You only need a few big wins in your lifetime, to set up a nice future.

 

Royal Dutch Shell Returns with Dividends Reinvested

Now, let’s run through the same scenario of purchasing 267 shares of RDS-B at $37.50, but reinvesting the dividends back into the company.

Remember, the B shares at this time were being reinvested into buying RDS-A shares, which have the 15% Dutch withholding tax. So, I’ve taken that amount out for the reinvestments.

Also, I’m going to assume that the reinvestment only took place during 2016 and 2017. For the current year, I’ll take all the dividends as cash. For each dividend reinvestment, I used the actual price that I received the shares on that day in my own personal account.

So, what does the same investment look like with reinvestment for the first two years?

Initial investment amount: $10012.5

2018 Total RDS-B Shares owned: 267

2018 Total RDS-A Shares owned through reinvestment: 39.994

Current Value of B Shares: $18786.12

Current Value of A Shares: $2733.59

2018 Cash Dividends Received Thus Far: $848.81

Total Value of All Share and Cash: $22368.52 (+123.4%)

Current dividend yield on initial purchase: 11.32%

 

As you can see, dividend reinvestment boosted the returns by only 8.2% during this time period. Why? Well, it has only been a couple of years and the return acceleration of those reinvested dividends haven’t fully kicked in yet. More importantly, that 15% tax on the RDS-A shares took quite a bite of the gains.

However, in this scenario, one has accumulated about 40 more shares in the form of RDS-A and now has a dividend yield on cost of 11.32%, which is utterly insane!

Imagine a scenario in which, Shell boosts the dividend by 10 percent after this long freeze. You’d be looking at collecting 12.45% of your initial investment for that next year and if the increases kept coming, look out…

I hope it’s been illustrative about how the price you pay for a stock effects returns. Especially, when you’re talking about a blue chip stock that has been battered, and offers a high initial dividend yield that is sustainable.
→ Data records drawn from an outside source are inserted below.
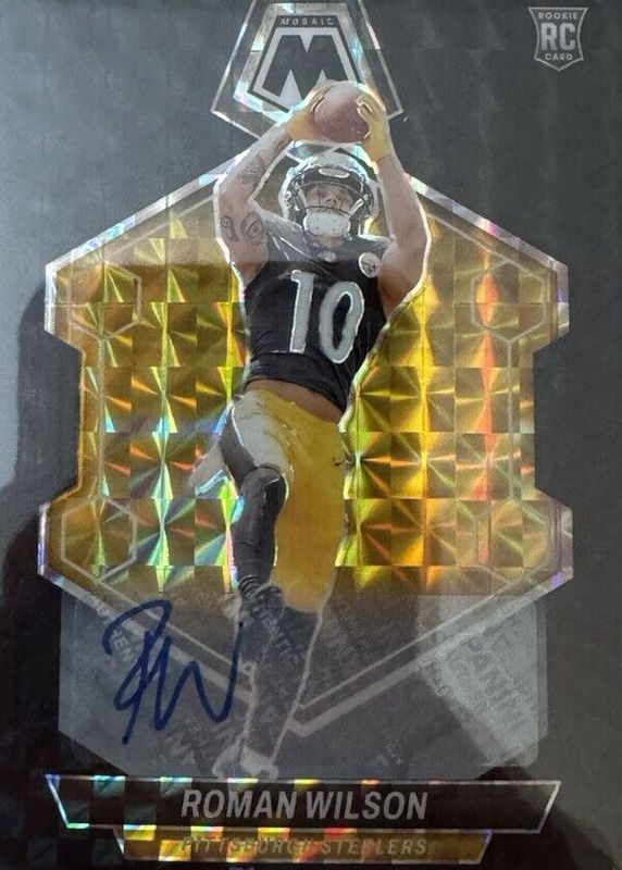 The Roman Wilson 2024 Mosaic #369 Rookie Autographs - Black /1 card in Raw condition has not changed in price in the last 30 days and was last sold for $425.00 .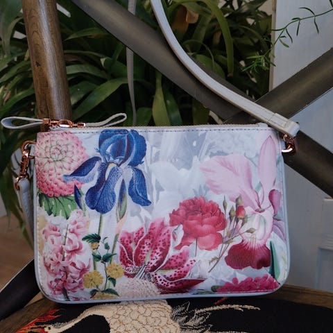 Myyn Ted Bakerin penaalin. Tätä voi käyttää myös sivellinkotelona tms. Väri on harmaa. Rusetin alaosa vaaleanpunainen. Vetoketju ja metalliosat ruusukullan väriset. Pituus 20 cm.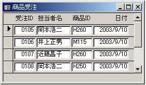 設問 2. 下図は表形式のフォームをフォーム ビューで表示したものである。このフォームの[レコードセレクタ]プロパティの値は「いいえ」に設定されている。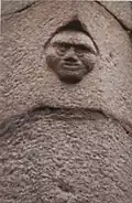 Sur le pignon de la ruelle reliant la rue de l'église à la venelle des 3 avocats, à Lannion, se trouve le visage d'accueil de la maison de Gabrielle Calloët, dame douairière de Coatilliau et épouse de Louis de Kergariou[37].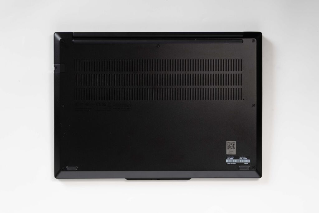 底面を見ると、吸気用のスリットが大きめに確保されているのがわかります。エントリー寄りのビジネスノートPCだと、冷却まわりが控えめな設計になっていることもありますが、本機はしっかり吸気面積を取っており、CPU性能を出しやすい構造です。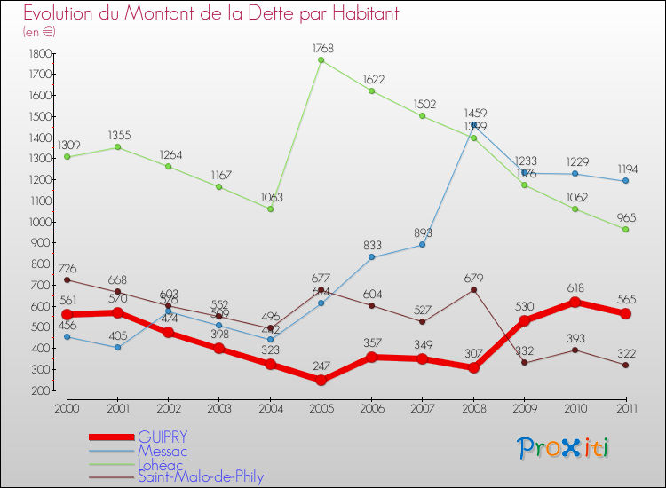 Par rapport aux 3 583 habitants de Guipry, en 2011 le poids de cette dette représente 565 € par habitant.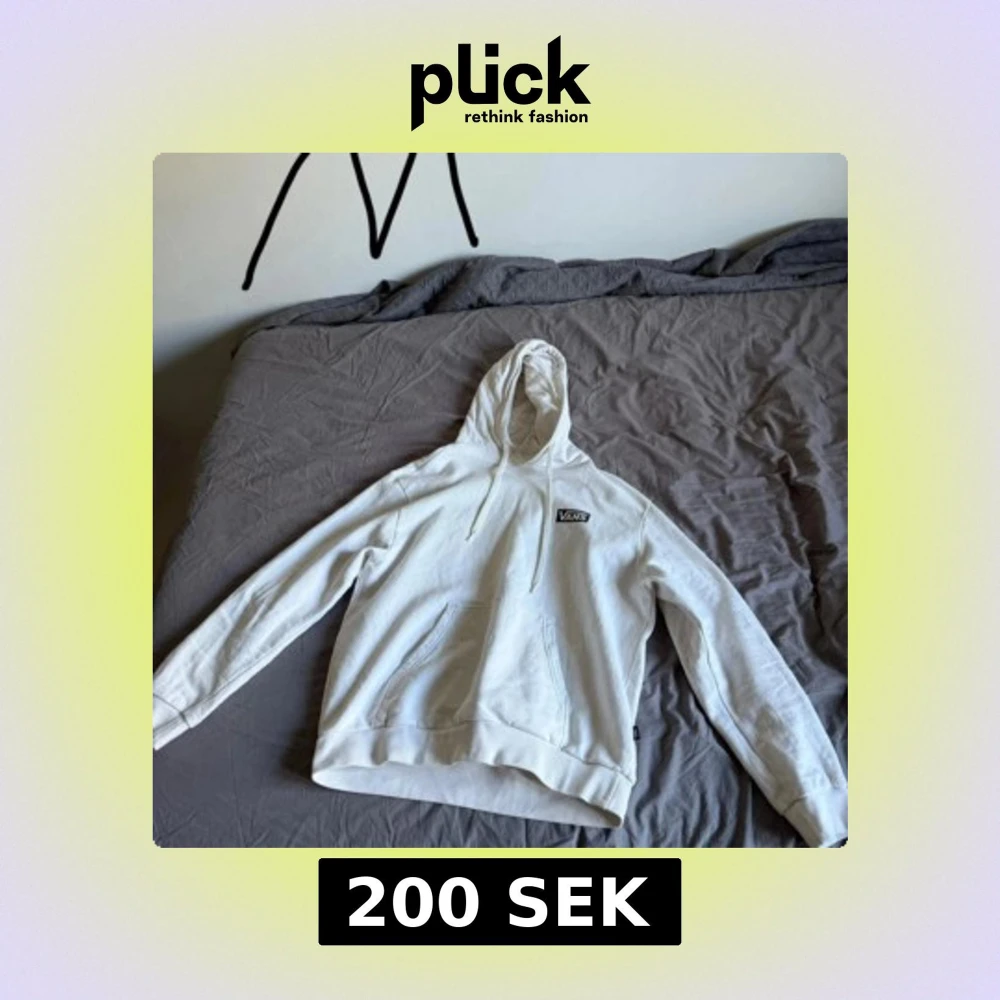 Säljer en vit hoodie från Vans i relaxed fit. Tröjan har huva med dragsko, magficka och en liten Vans-logga på bröstet. Perfekt för en avslappnad stil.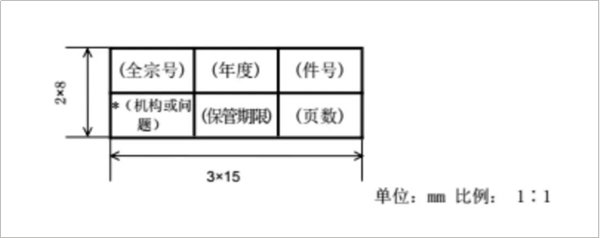 《归档文件整理规则》规定,归档文件应在首页上端的空白位置加盖归档章并填写相关内容。归档章应将档号的组成部分,即全宗号、年度、保管期限、件号,以及页数作为必备项,机构(问题)可以作为选择项。在样式上,《规则》维持六格章样式不变,规格为长45mm,宽16mm,分为均匀的6格,如图所示。

Not only did the value of the shares more than double in this short couple years, but one would be looking at receiving their entire initial purchase price back just in dividends, in less than a decade. That’s something that usually takes around 3 decades to accomplish.

Wrapping it All Up

There are times when the stock market is going to drop and drop hard. It might be the entire economy or other times it might just be isolated to one sector. In 2016, the energy sector was in this very scenario, and people were fleeing to the exits. This panic and drop in energy prices, allowed for those with cash to step in and buy assets on the cheap.

These cheap shares of stock, have in turn, produced insanely accelerated results in a short period of time. Beyond that, investments in certain integrated oil majors (such as Shell and BP), offered once in a generation starting dividend yields which have and will continue to act like adding fuel to an already raging fire.
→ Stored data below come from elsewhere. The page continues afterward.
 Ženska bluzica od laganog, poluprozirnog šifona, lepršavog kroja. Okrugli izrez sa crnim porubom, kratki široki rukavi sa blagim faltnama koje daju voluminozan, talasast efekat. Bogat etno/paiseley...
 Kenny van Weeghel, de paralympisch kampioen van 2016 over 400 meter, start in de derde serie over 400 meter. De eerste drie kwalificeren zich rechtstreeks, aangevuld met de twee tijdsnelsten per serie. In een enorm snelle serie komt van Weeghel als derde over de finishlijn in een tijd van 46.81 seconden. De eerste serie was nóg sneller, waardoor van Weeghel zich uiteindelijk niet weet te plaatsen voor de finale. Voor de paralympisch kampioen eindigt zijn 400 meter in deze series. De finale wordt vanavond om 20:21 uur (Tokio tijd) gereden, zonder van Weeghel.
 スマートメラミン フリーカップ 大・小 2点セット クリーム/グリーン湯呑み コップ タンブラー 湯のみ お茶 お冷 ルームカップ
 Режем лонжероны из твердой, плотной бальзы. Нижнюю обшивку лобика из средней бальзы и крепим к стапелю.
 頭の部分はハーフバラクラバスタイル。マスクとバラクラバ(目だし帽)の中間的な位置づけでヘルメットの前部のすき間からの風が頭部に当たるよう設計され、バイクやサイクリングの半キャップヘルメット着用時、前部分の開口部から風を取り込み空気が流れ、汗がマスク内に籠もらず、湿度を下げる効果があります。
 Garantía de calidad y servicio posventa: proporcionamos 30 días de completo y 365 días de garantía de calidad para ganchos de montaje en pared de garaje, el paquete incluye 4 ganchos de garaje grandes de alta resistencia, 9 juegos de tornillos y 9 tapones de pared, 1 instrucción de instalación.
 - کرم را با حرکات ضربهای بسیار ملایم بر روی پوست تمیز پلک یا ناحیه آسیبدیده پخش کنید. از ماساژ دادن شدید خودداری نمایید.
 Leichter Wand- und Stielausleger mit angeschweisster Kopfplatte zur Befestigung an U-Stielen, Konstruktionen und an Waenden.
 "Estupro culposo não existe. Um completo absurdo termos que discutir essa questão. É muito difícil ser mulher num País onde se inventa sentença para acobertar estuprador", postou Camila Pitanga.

Was this necessarily the outcome of an investment at this time? No. It could’ve been a sustained energy bear market, in which case, investments in these firms during the 2016 period would have resulted in overpaying for assets. There’s no guarantees and risks are always abound.
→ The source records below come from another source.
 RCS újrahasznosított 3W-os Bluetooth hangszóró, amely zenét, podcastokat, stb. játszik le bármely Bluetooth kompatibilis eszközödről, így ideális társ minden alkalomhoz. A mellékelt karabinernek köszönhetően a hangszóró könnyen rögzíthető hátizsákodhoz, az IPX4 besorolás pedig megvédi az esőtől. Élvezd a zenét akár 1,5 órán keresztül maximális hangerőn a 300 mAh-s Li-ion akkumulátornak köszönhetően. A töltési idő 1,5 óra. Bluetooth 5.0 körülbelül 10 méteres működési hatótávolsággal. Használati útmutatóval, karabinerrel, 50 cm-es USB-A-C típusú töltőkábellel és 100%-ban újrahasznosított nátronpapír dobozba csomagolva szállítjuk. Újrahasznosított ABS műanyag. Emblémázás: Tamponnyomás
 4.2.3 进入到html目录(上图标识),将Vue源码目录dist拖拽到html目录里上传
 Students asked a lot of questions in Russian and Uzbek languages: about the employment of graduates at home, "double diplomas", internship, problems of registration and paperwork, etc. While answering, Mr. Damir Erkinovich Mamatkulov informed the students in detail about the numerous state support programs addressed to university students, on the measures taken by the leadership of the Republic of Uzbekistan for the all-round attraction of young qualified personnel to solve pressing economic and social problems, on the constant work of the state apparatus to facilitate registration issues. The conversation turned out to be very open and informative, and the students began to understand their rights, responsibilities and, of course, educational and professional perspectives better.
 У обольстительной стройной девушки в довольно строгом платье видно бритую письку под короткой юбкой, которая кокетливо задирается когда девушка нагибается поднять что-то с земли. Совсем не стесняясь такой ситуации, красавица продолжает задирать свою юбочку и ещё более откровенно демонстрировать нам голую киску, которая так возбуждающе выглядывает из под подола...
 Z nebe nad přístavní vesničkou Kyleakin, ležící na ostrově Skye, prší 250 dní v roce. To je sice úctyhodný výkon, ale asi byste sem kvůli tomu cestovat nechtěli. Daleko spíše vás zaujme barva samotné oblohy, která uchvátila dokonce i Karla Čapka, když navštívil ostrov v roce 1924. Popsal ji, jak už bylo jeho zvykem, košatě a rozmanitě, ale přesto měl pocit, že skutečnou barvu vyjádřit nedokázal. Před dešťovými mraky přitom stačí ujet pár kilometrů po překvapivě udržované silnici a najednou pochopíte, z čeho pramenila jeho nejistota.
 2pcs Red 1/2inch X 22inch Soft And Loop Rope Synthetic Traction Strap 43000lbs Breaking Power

Ultimately, there are times when these sorts of opportunities present themselves. Knowing how the price you pay and the starting dividend yield can juice your gains, will give you a better ability to recognize these opportunities. Even if you don’t play it perfect, a few sound decisions during these star-aligning times, can have a big impact on your future results. Heck timing things right, could knock years off the race to retirement, and produce wealth that can change life entirely.